§ WHAT YOU HAVE TO DO: Starting from the line with "Veste écru avec" and going up to and including the line with "The next TOT", copy the listing below exactly. Leave all images out.
Start of DATA FOR THIS TASK
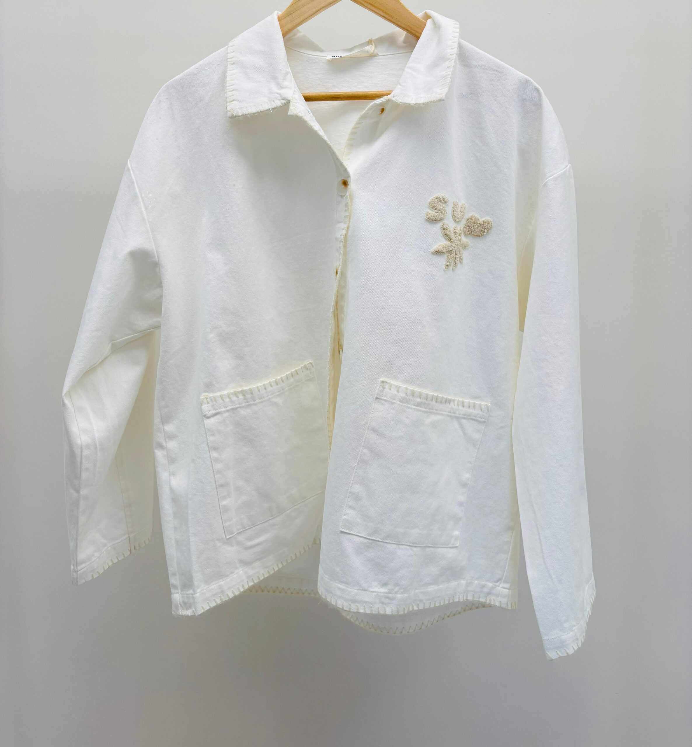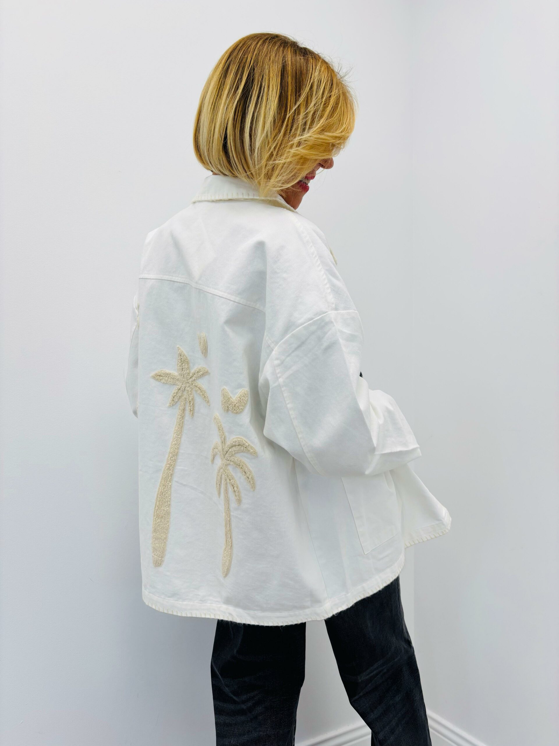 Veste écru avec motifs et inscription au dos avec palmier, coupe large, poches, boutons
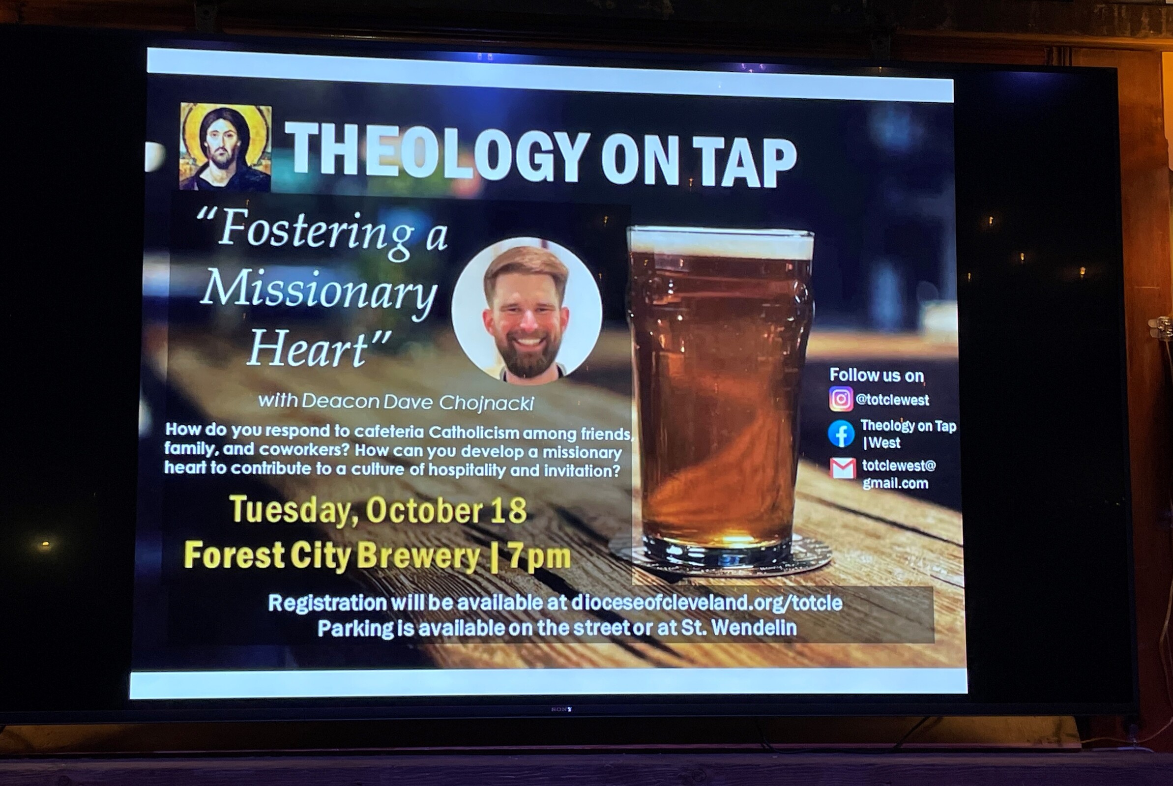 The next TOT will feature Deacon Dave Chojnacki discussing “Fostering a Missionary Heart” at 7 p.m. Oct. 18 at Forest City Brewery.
End of DATA FOR THIS TASK
Start of DATA FOR THIS TASK
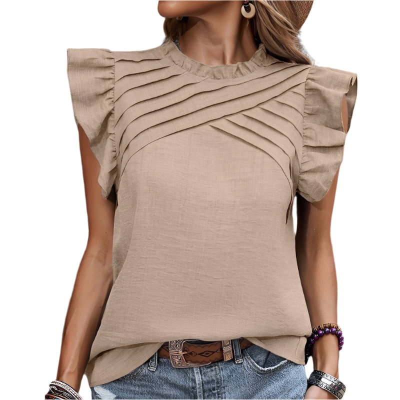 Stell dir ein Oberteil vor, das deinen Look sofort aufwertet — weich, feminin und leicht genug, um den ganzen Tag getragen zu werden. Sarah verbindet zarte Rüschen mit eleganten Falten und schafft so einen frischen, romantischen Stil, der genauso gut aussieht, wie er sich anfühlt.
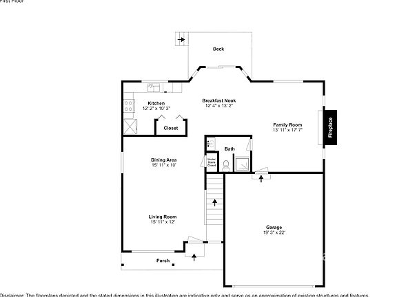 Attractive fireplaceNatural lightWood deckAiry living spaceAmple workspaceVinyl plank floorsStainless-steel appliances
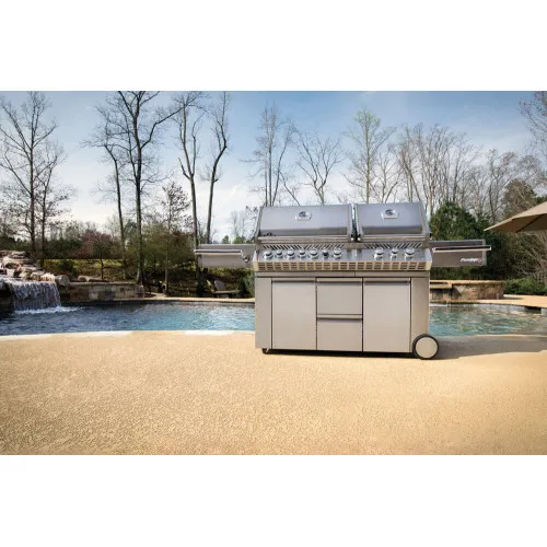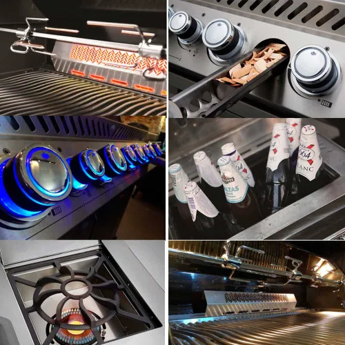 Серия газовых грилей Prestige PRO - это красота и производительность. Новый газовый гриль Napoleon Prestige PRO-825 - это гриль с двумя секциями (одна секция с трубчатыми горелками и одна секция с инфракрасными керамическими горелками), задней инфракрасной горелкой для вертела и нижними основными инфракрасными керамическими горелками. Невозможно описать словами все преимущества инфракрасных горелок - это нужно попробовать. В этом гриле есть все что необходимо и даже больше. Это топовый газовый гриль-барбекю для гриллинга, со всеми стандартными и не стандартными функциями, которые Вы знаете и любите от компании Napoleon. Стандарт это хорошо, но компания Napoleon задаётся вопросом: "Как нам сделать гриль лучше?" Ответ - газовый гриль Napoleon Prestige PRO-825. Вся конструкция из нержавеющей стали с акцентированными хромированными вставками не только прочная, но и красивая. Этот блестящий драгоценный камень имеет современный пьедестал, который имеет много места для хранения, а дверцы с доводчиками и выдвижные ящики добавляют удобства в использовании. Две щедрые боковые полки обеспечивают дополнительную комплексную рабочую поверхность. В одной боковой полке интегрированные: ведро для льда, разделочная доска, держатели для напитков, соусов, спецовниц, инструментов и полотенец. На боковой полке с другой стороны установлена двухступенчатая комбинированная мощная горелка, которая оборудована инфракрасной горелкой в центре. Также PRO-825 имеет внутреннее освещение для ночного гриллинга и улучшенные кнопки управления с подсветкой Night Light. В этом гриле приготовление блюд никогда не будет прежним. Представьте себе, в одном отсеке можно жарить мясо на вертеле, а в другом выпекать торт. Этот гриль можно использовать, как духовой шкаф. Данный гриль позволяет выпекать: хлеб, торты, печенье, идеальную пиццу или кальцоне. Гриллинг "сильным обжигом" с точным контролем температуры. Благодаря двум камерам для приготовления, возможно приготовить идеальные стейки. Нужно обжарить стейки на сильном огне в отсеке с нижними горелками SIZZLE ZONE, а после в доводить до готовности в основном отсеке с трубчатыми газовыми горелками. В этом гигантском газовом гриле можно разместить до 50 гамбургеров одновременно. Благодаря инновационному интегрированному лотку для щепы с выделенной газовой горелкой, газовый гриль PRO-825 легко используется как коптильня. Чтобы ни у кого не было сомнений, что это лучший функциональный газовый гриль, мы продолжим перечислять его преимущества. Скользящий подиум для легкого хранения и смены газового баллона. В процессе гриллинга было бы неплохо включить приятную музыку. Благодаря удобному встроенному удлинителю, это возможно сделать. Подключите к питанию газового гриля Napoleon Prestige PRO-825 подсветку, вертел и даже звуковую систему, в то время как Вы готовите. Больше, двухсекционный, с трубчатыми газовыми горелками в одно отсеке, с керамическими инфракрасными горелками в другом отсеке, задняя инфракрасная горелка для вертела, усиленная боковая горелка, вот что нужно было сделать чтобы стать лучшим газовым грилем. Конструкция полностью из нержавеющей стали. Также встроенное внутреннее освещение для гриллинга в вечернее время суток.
End of DATA FOR THIS TASK
§ SOLUTION TO THIS EXERCISE:
 Veste écru avec motifs et inscription au dos avec palmier, coupe large, poches, boutons
 The next TOT will feature Deacon Dave Chojnacki discussing “Fostering a Missionary Heart” at 7 p.m. Oct. 18 at Forest City Brewery.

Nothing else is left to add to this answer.